Using advanced linguistic and scholarly tools, Stroumsa demonstrates how virtually every one of Maimonides’ projects can be properly understood only in relation to broader trends in the Islamic Mediterranean. These include Maimonides’ polemics against the widespread theological approach of his day (kalām), his heresiography in which deviant Jews of the past and present are essentially depicted as Muslim heretics (zandādiqa), the creation of the Mishneh Torah – a new primary source of Jewish law that eschews fundamentals (furū‘) and uncovers basic legal principles (uşūl). According to Stroumsa, the composition of Mishneh Torah is to be connected with currents that Maimonides was exposed to under the Almohads during the years 1148-1165, as is his almost militant anti-anthropomorphism, his image of Messianic kingship (similar to the Islamic Mahdī), and his impatience with Ptolemaic astronomy. Maimonides’ famous position regarding animal sacrifices in the Temple, which are seen as but one step in the evolution of Judaism from its pagan past, is of a piece with the renewed interest in religious phenomenology. His denigration of darshanim and the uncritical use of aggada parallels Muslim assessment of preachers (wu‘‘āz) and religious storytellers (qusşāş).

Maimonides’ vision of human perfection and an austere intellectual afterlife plainly reflects the dominant philosophical approach of his day. Famously, this approach engendered considerable problems for Maimonides both during his life and after his death, for if there is no need for the body after death, why would God have to resurrect the dead? One of the most original claims in the book is that Maimonides’ codification of this belief in his thirteen principles was neither an abandonment of his philosophical approach nor an attempt at synthesis. Rather, it was a shrewd strategy he hoped would allow him to avoid the discussion entirely. Unfortunately for his sake, he was mistaken.

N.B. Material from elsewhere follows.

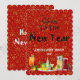 Bonjour à la NOUVELLE ANNÉE Salutations Red Custom Card. L'illustration utilise un arrière - plan rouge cool avec des accents cocktails/boissons/dîners devant, et un arrière - plan similaire à l'envers. Vous pouvez modifier les Noms en cliquant sur le bouton Personnaliser. Parfait pour le Nouvel An / Graduation / Retraite / Toute occasion.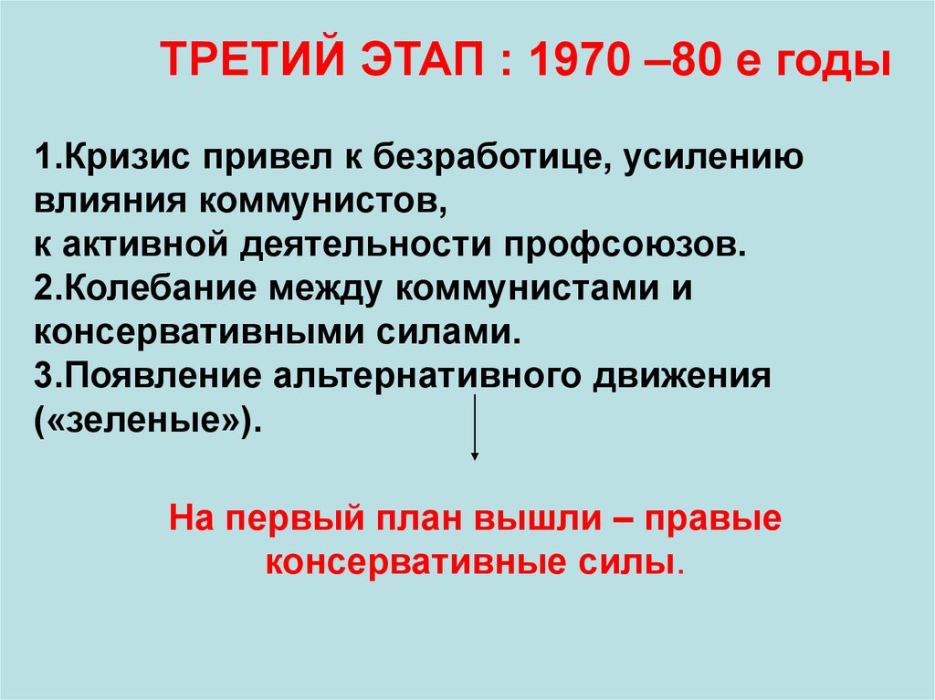 ТРЕТИЙ ЭТАП : 1970 –80 е годы1.Кризис привел к безработице, усилению

In Stroumsa’s capable hands, the image of Maimonides that emerges is not a portrait of a brilliant Talmud-centric Lithuanian Rosh Yeshiva; rather a kind of pre-Renaissance Renaissance man who was completely fluent in the philosophical discourse of his day and who attempted an unapologetic reading of Judaism using the prevailing intellectual tools of his day. The secret to Maimonides’ success, which Stroumsa sees as the culmination of prior attempts by Jewish philosophers, was his distinct ability to observe with cool, scholarly detachment all of the philosophical and religious traditions that preceded him – including his own Judaism.

Pervasive self awareness is both the blessing and curse of modernity. However, when you are hundreds of years ahead of your time, it can only be experienced as a howling loneliness. Taking its cue from the popular saying “from Moshe (Rabbeinu) to Moshe (ben Maimon) there arose none like Moshe,” the final section of the book explores Maimonides’ idea of the “philosopher king” – a man who responds to the call for communal involvement, yet remains in philosophical contemplation. It is good to be king, but how lonely it is!

The second half of the twentieth century saw Modern Orthodox Judaism – particularly in its American strain – attempt to fashion itself as a Maimonidean movement. Some continue to call for “Maimonidean reform” [Marc D. Angel, Maimonides, Spinoza and Us: Toward an Intellectually Vibrant Judaism (Woodstock, VT, 2009)]. At the same time, there has been hesitation about a pure “imatatio Maimonides,” with some questioning the wisdom and feasibility of community-wide emulation of this elite, intellectually unparalleled, and singular Jewish leader. In the future conversations that are sure to ensue about Maimonides’ place in contemporary Jewish life, Stroumsa’s portrait will be a most welcome, indispensible guide.

Dr. Shai Secunda is a Fellow at the Scholion Center for Interdisciplinary Jewish Research – The Hebrew University of Jerusaelm.